Daniel Templeton wrote:
Thanks for the reply. Grid Engine works roughly the same way wrt
parallel jobs, except that we call the tasks the master and the
slaves. Grid Engine does not have a pbsdsh equivalent, but it would
be a really trivial wrapper script to write for qrsh, which is pbsdsh
minus the automatic use of the nodes files (called the pe_hostfile in
Grid Engine).
I assume from the 3-task minimum that the JobTracker gets a slot, the
NameNode gets a slot, and there has to be at least one slot running a
DataNode/TaskTracker. Correct?
Yes
Should a single job be prevented from running more than on hodring on
a single host?
More than one hodrings can be launched on a single host. However, this
means more than 1 instance of a slave would get launched - like 2
tasktrackers and 2 datanodes. In practice, we've seen that while this is
also OK, when we start running M/R tasks on such a system, it slows down
the system quite a bit. Hence I don't think this is really useful.
How do I go about contributing this Grid Engine extension to the HoD
source base?
Please feel free to submit a patch if you've figured out all the
details. It should be against the current code base. Please refer to
http://wiki.apache.org/hadoop/HowToContribute for details on contributing.
Thanks!
Hemanth
Hemanth Yamijala wrote:
Daniel Templeton wrote:
Hi,
I have a functioning module for Grid Engine for HoD, but some parts
of it are currently hard-coded to my workstation. In cleaning up
those elements, I need some advice. Hopefully this is the right forum.
So, in the hodlib/NodePools/torque.py file, there's a runWorkers()
method. In that method, it makes a single call to pbsdsh to start
the NameNode, DataNodes, JobTracker, and TaskTracker. I know nada
about Torque, so please tell me if I'm interpreting this correctly.
It would appear that the pbsdsh somehow reads out of the environment
how many hodring processes it should start up and executes them
remotely, and each hodring then figures out what service it should run.
Roughly right. In Torque, when a set of nodes are assigned to a job,
the first node in that list is special (it's called mother superior -
MS), the other nodes are called sisters. The job that's submitted to
torque is a HOD process called 'ringmaster'. The ringmaster starts on
the MS and invokes runWorkers which executes pbsdsh. AFAIK, pbsdsh
reads the environment and gets a 'nodes' file that Torque writes out.
This file contains all the sisters allocated for the job (including
the MS). It executes the command passed to pbsdsh - another HOD
process, called hodring - on all of these nodes. The Hodring
processes work with the ringmaster and decide which service to run.
In a sense the ringmaster coordinates which service to start where,
and inform the hodring to start that service.
In Grid Engine, the rough equivalent of pbsdsh is qrsh. (I think.)

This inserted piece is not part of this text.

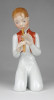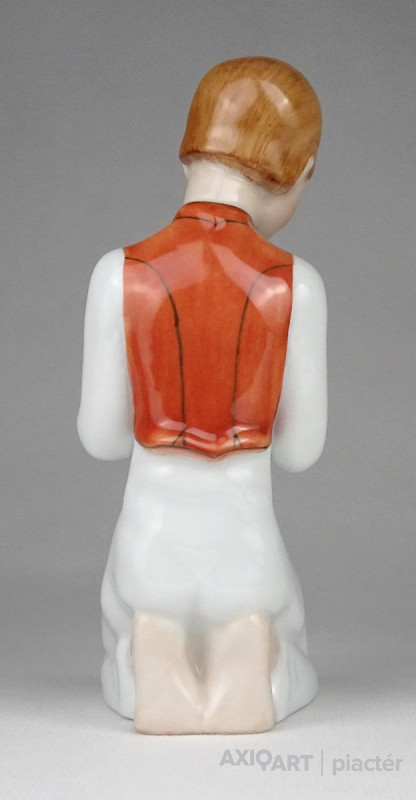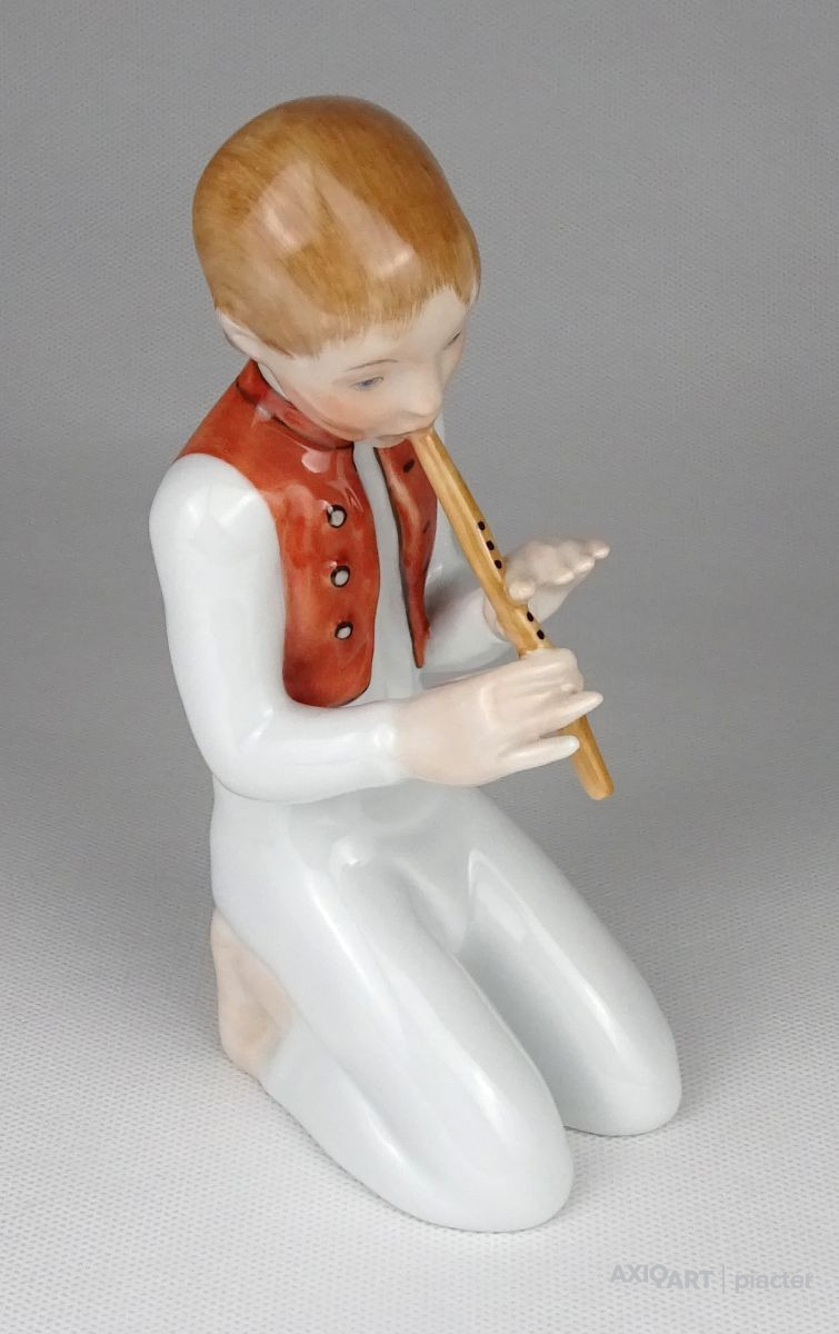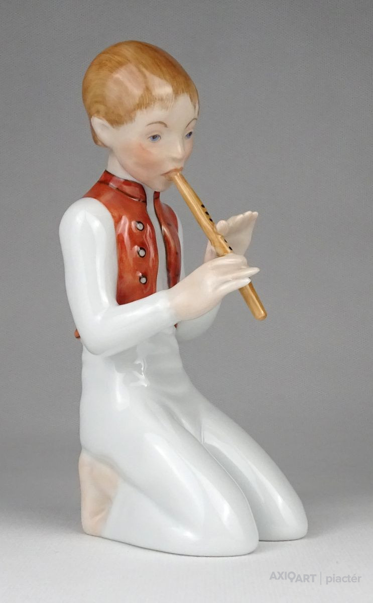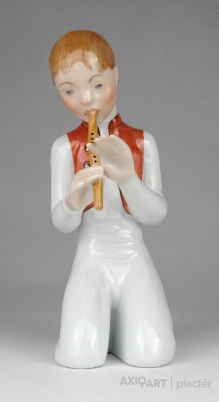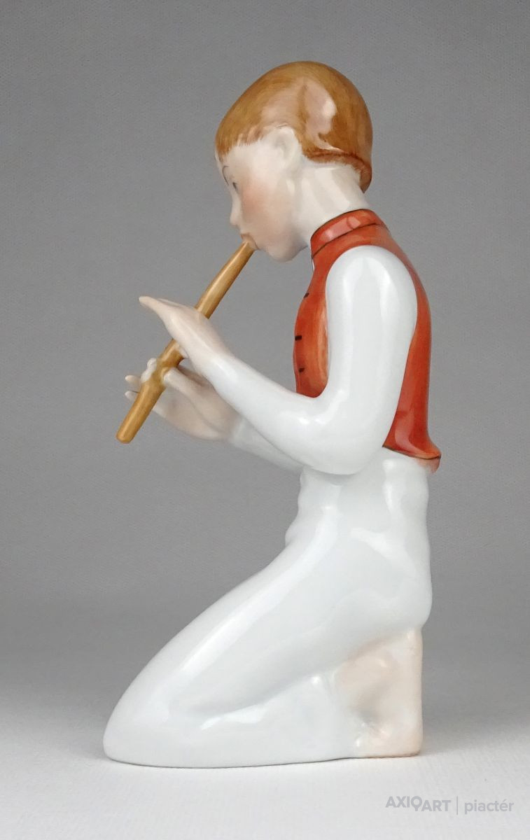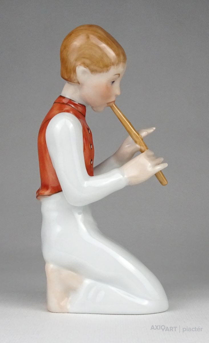 Hibátlan állapotú térdelő fiú, furulyázó legény Herendi porcelán figura.

With qrsh, the master assigns the HoD job a set of nodes, and I then
have to step through that set of nodes and qrsh to each one to start
the hodring services. As far as I can tell, the total number of
hodring services I need to start is 1 for the NameNode + 1 for the
JobTracker + n for the DataNodes + m for the TaskTrackers.
HOD has a facility to use a HDFS service that's started outside of
HOD. In that mode, it does not start NameNode or DataNodes. Also, the
number of DataNodes always equals the number of TaskTrackers (if HDFS
services are started with HOD).
The thing that I'm not grokking is how the hodrings know what
services to start, and how I should be parceling them out across the
nodes of the cluster.
This is decided by the ringmaster process. The logic is independent
of the resource manager in use, and hence need not be worried about
when porting to a new resource manager.
Should I be making sure I have two hodrings per node, one for the
DataNode and one of the TaskTracker?
No, a single hodring gets to start both the daemons.
If I were to go start a dozen hodrings, one on each of a dozen
machines, would they work out among themselves how many should be
DataNodes and how many should be TaskTrackers? One more thing. If
the above is on the mark, that means you're consuming a queue slot
for each DataNode unless you use an external hdfs service. That
seems like a waste of cluster resources since slots tend to
correspond more to compute resources than I/O. I have to wonder if
it wouldn't be more efficient from a cluster perspective to have
each hodring start a DataNode and a TaskTracker. It would slightly
oversubscribe that job slot, but that may be better than grossly
undersubscribing two.
Explained above.
Thanks
Hemanth